SELECT COUNT(*) FROM Cab_Weather;

 * sqlite:///testdb.sqlite
Done.
Done.
Done.


COUNT(*)
58796


## <font color='#2F4F4F'>4. Summary of Findings</font>

The following are the prices for Lyft:
- overall average of 16.54, overall minimum 2.5, overall maximum 97.5
- average 17.3, minimum 2.5, maximum 97.5 from midnight to 6 AM
- average 17.35, minimum 2.5, maximum 89.0 from 7 AM to 12 PM
- average 17.33, minimum 2.5, maximum 92.0 from 1 PM to 6 PM
- average 17.37, minimum 2.5, maximum 92.0 from 7 PM to 11 PM

The following are the prices for Uber:
- overall average of 15.79, overall minimum 4.5, overall maximum 89.5
- average 15.80, minimum 4.5, maximum 81.5 from midnight to 6 AM
- average 15.75, minimum 4.5, maximum 80.5 from 7 AM to 12 PM
- average 15.80, minimum 4.5, maximum 89.5 from 1 PM to 6 PM
- average 15.81, minimum 4.5, maximum 76.0 from 7 PM to 11 PM

Minimum distance is 0.02, maximum distance is 7.86.

**For distance 0.00-1.96:**
Lyft has average price 14.07, minimum price 2.5, and maximum price 65.0.
Uber has average price 13.37, minimum price 4.5, and maximum price 61.5.

**For distance 1.97-3.93:**
Lyft has average price 19.24, minimum price 2.5, and maximum price 92.0.
Uber has average price 17.14, minimum price 6.0, and maximum price 80.5.
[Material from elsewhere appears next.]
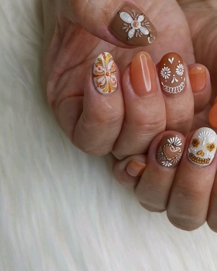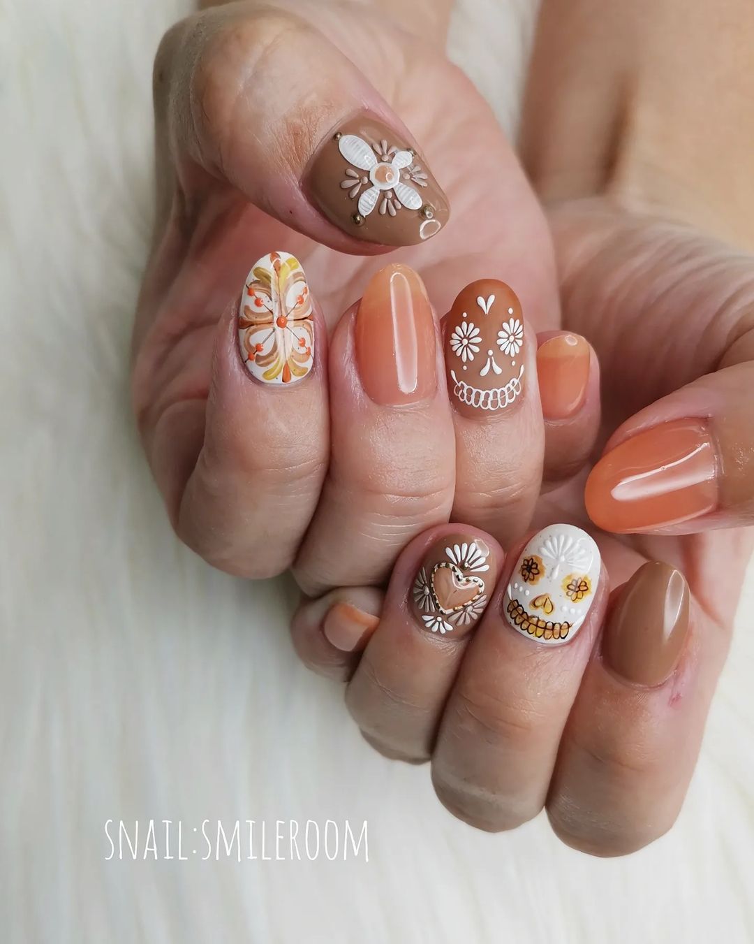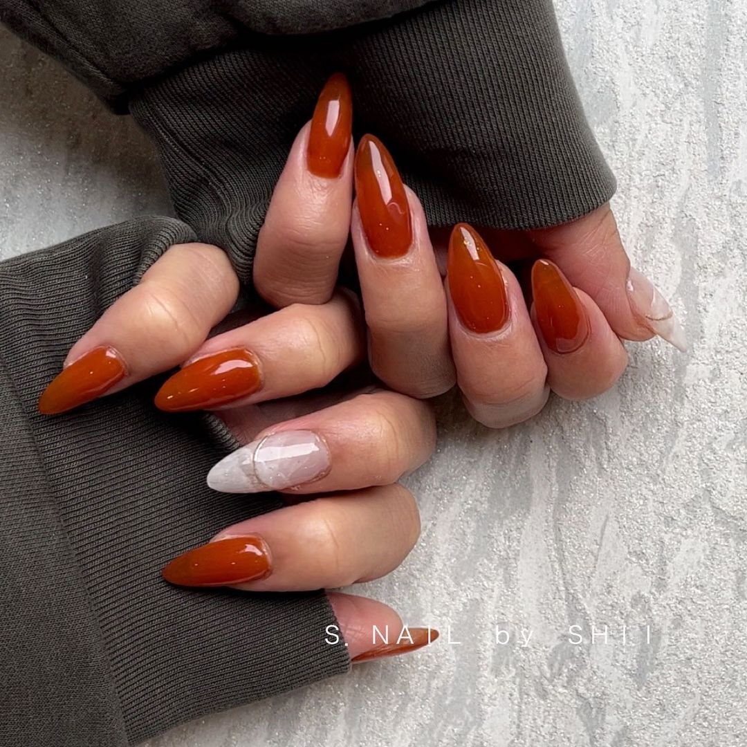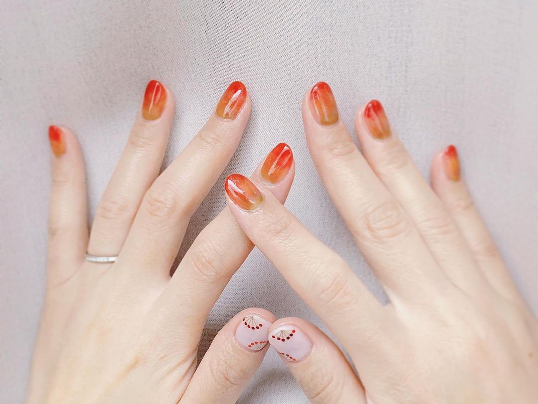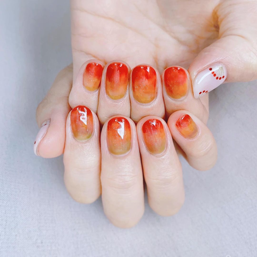 今回はオレンジ系カラーの秋ネイルデザインをご紹介します🍂

**For distance 3.94-5.89:**
Lyft has average price 25.54,  minimum price 3.0, and maximum price 97.5.
Uber has average price 22.33, minimum price 7.5, and maximum price 87.0.
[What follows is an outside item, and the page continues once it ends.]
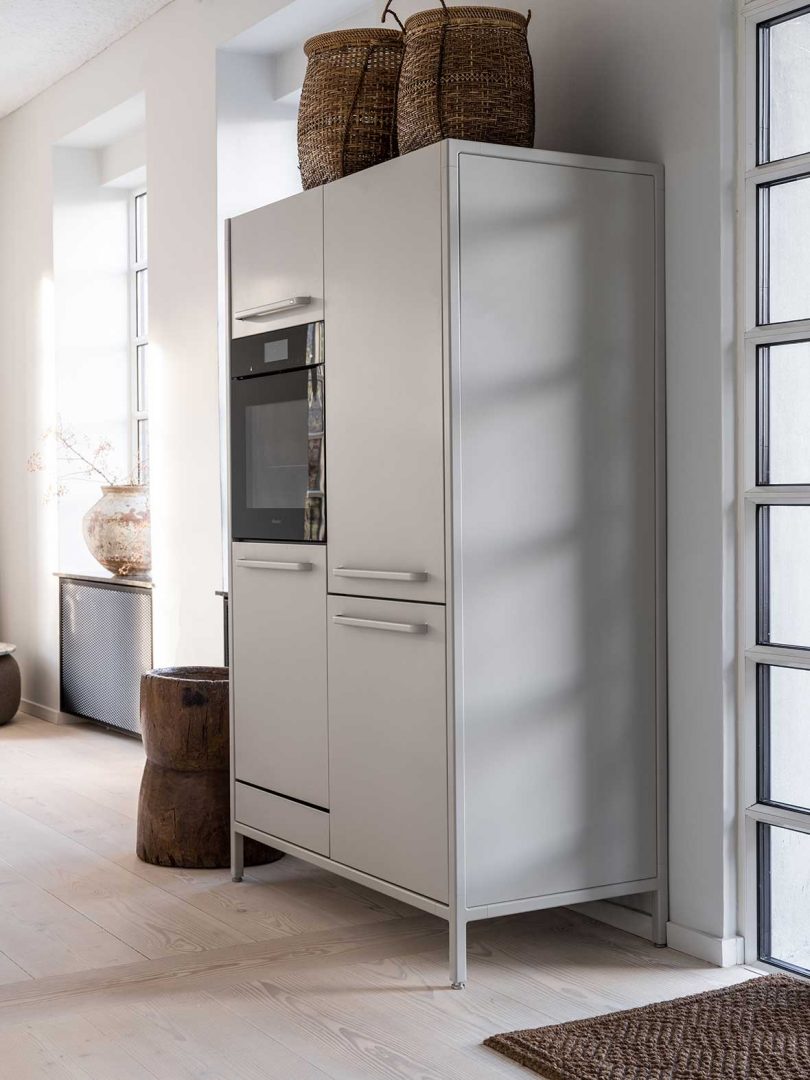 The design plays with a natural, neutral color palette featuring shades of beige and grey, along with black accents throughout. From the V1 kitchen components in warm grey to the light Kvadrat curtains, the design comes together offering a casual yet comfortable aesthetic most any visitor would enjoy.

**For distance 5.90-7.86**
Lyft has average price 30.1, minimum price 10.5, and maximum price 65.0.
Uber has average price 26.10, minimum price 10.0, and maximum price 89.5.

## <font color='#2F4F4F'>5. Recommendations</font>

The Ride-Sharing Startup management team can use this information as a starting point then later adjust accordingly based on user feedback.
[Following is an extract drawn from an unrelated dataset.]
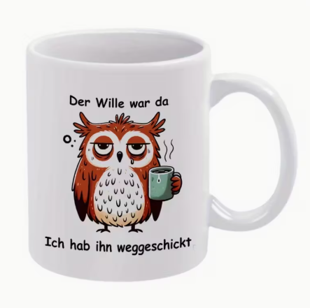 Neu und originalverpackt: Witzige Kaffeetasse aus Keramik, perfekt für Morgenmuffel! Die weisse Tasse zeigt eine müde Eule mit dem Spruch „Der Wille war da, ich hab ihn weggeschickt“. Ideal für den Kaffee am Morgen oder als Geschenk für Freunde mit Humor. Ein Hingucker auf jedem Frühstückstisch!

## <font color='#2F4F4F'>6. Challenging your Solution</font>

### a) Did we have the right data?
Yes.

### b) Did we have the right question?
Yes.

### Is further analysis required?
Yes. Such as how a combination of time and distance affects prices (what's the average price for traveling to Financial District at 7 AM compared to at 2 PM, etc.), how weather affects price, and so on.